Le second argument relatif à sa réputation en ce qu’elle est présentée comme un média sous contrôle permanent et exclusif du pouvoir russe, le président du Tribunal souligne malicieusement que l’éventuelle atteinte à sa réputation a déjà été causée et durera tant que la décision attaquée ne sera sera pas annulée par l’arrêt au principal, étant précisé que la finalité d’une procédure de référé n’est pas d’assurer la réparation d’un préjudice déjà subi et une annulation de la décision attaquée au terme de la procédure au fond constituera une réparation suffisante du préjudice moral allégué.

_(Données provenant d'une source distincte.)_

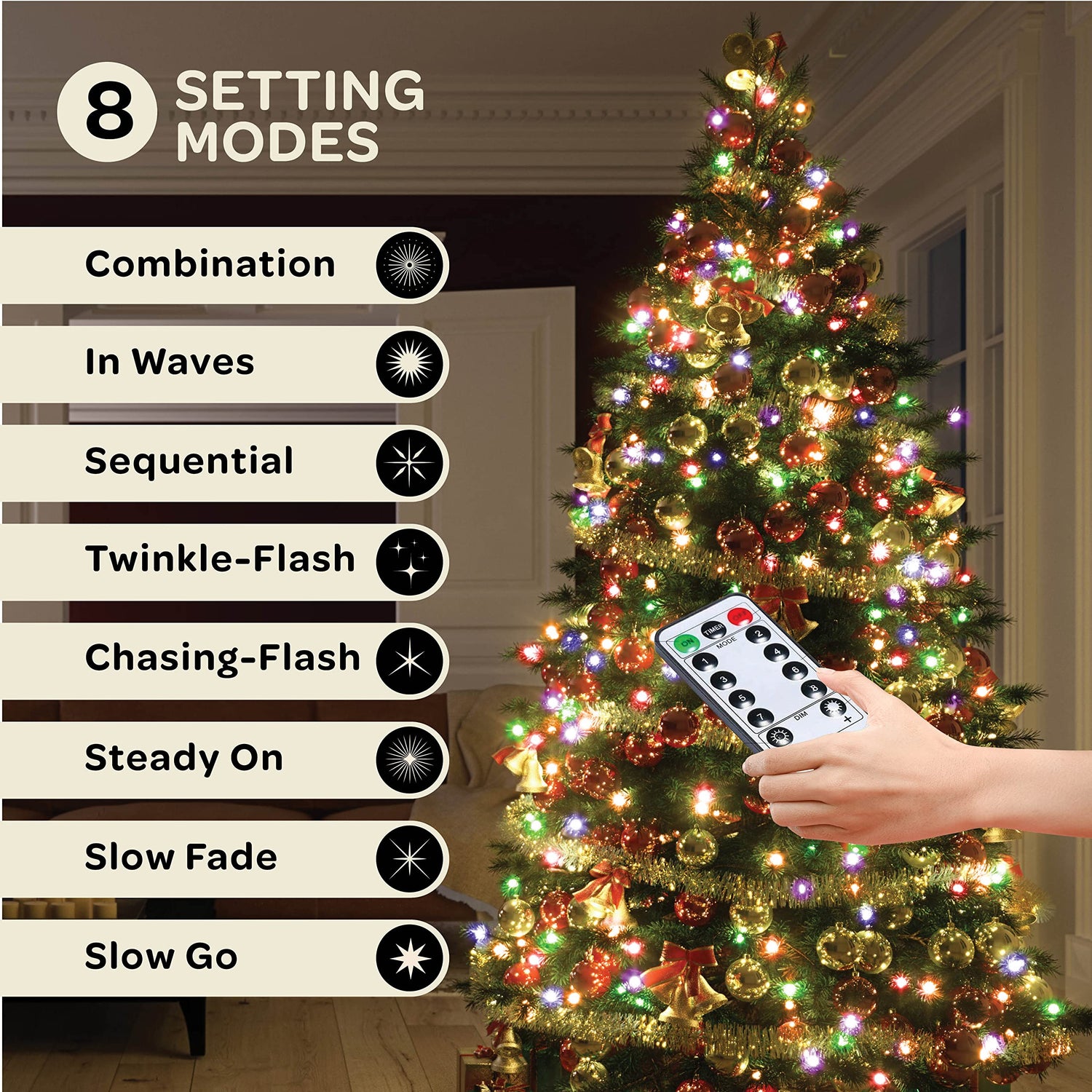 - 8 LIGHTHING MODES: Options include (1 combination, (2 wave, ( 3 sequential, (4 slo glo, (5 flashing, (6 slow fade, (7 twinkle, (8 steady on, Choose style according to suit your moods and the atmosphere you want to create your christmas lights outdoor

Quant au troisième argument selon lequel RT soutient que la gravité et le caractère irréparable du préjudice seraient établis par le fait qu’il s’agirait d’une entrave totale et durable de l’activité d’un service d’information et que la décision entreprise serait irrémédiable et particulièrement grave au sein de sociétés démocratiques, le président du Tribunal souligne qu’il incombait à RT d’exposer et d’établir la probable survenance d’un tel préjudice et se prévalant en termes « généraux et abstraits » de l’atteinte au caractère démocratique de la société européenne, elle ne précise pas en quoi cette atteinte la concernerait ou l’affecterait elle-même.

La condition relative à l’urgence n’est donc pas établie et la balance des intérêts en cause, est-il retenu, penche en faveur du Conseil puisque les intérêts poursuivis par cette institution visent la nécessité de protéger les États membres contre des campagnes de désinformation et de déstabilisation qui seraient menées par les médias placés sous contrôle des dirigeants russes et qui menaceraient l’ordre et la sécurité publics de l’Union, dans un contexte marqué par une agression militaire contre l’Ukraine.

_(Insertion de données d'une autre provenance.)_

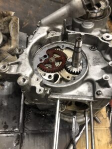 オイルポンプのギアを外さないとベアリングが抜けません。
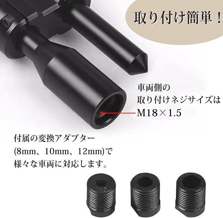 車両側の取り付けネジサイズはM18x1.5で、さらに、8mm、10mm、12mmの3種類の変換アダプターが付属しています。
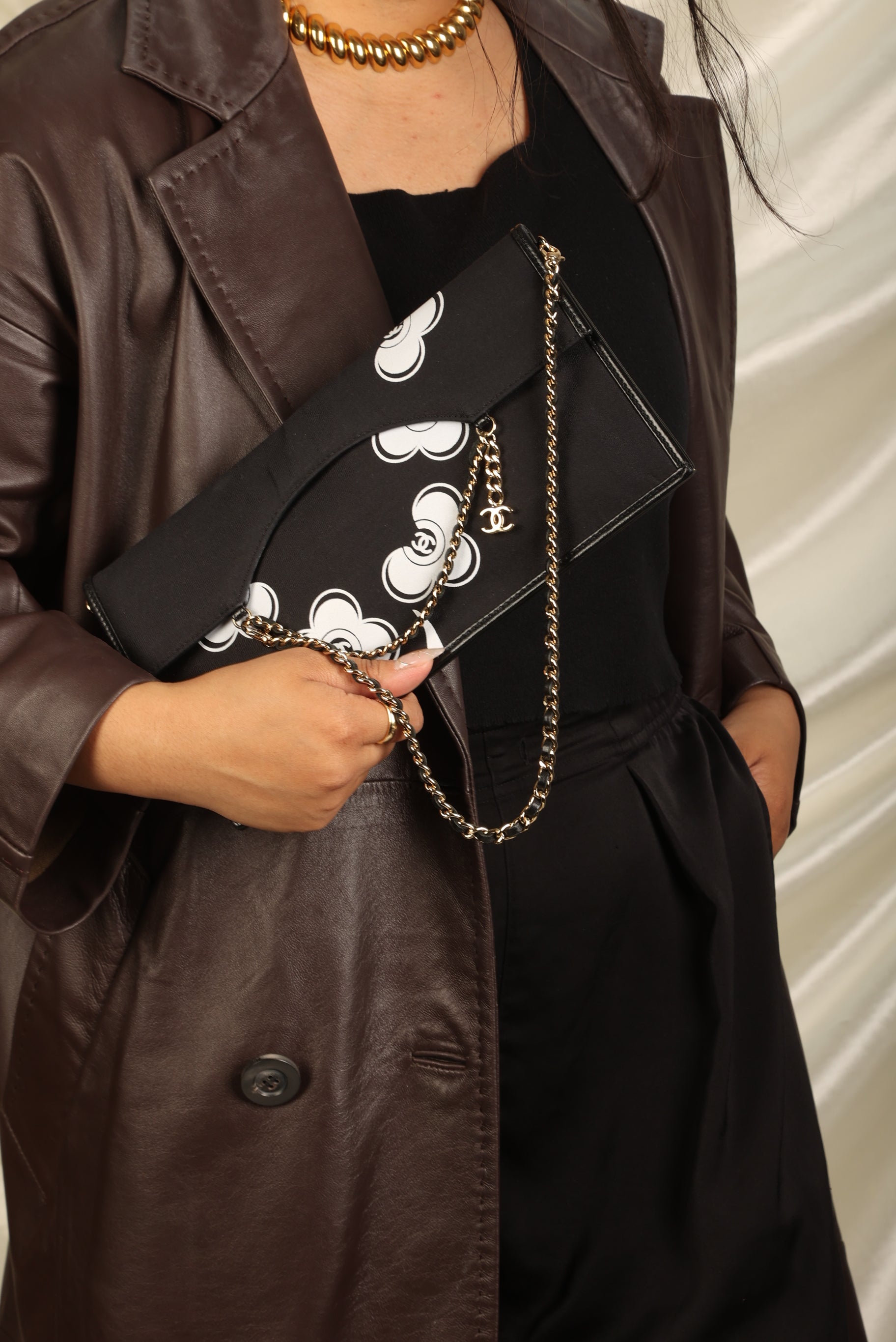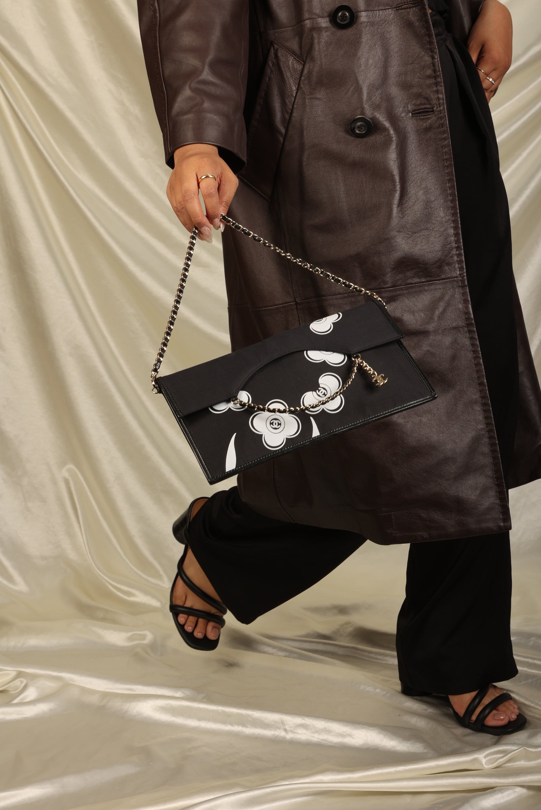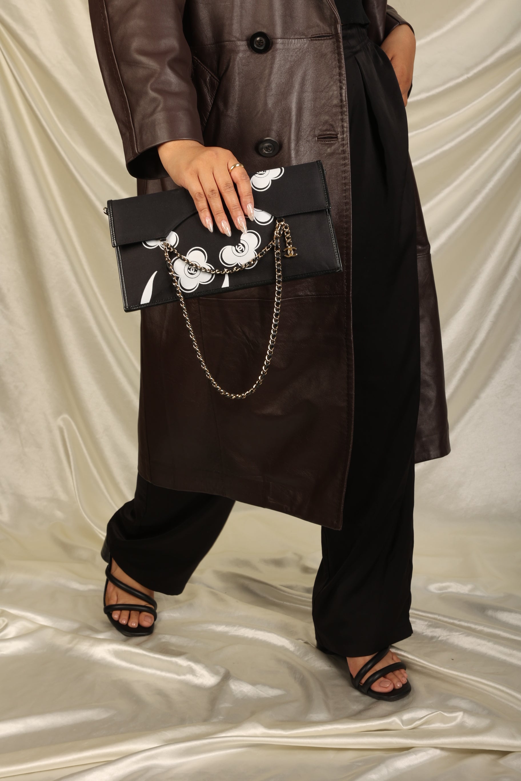 Introducing a Chanel pochette in the flat envelope style with the iconic camellia flower print. The light gold chain is removable, showing this gem's versatility in casual and classy settings. It's a true collector's item for the fashion connoisseur who would like to add it to their every day style.

En revanche, les intérêts dont se prévaut RT se réfèrent à la situation de ses employés et à sa viabilité financière, intérêts d’une société de droit privé dont les activités principales sont temporairement interdites et dans l’hypothèse où elle obtiendrait gain de cause par l’annulation des actes attaqués dans la procédure au fond, le préjudice subi par l’atteinte à ses intérêts pourra être évalué, de sorte que le dommage éventuellement subi pourra faire l’objet d’une réparation ou une compensation ultérieure.

Le président du Tribunal précise par ailleurs que, compte tenu des circonstances exceptionnelles en cause, le juge du fond a décidé de statuer selon une procédure accélérée , de sorte que RT obtiendra dans les meilleurs délais la réponse à sa demande d’annulation.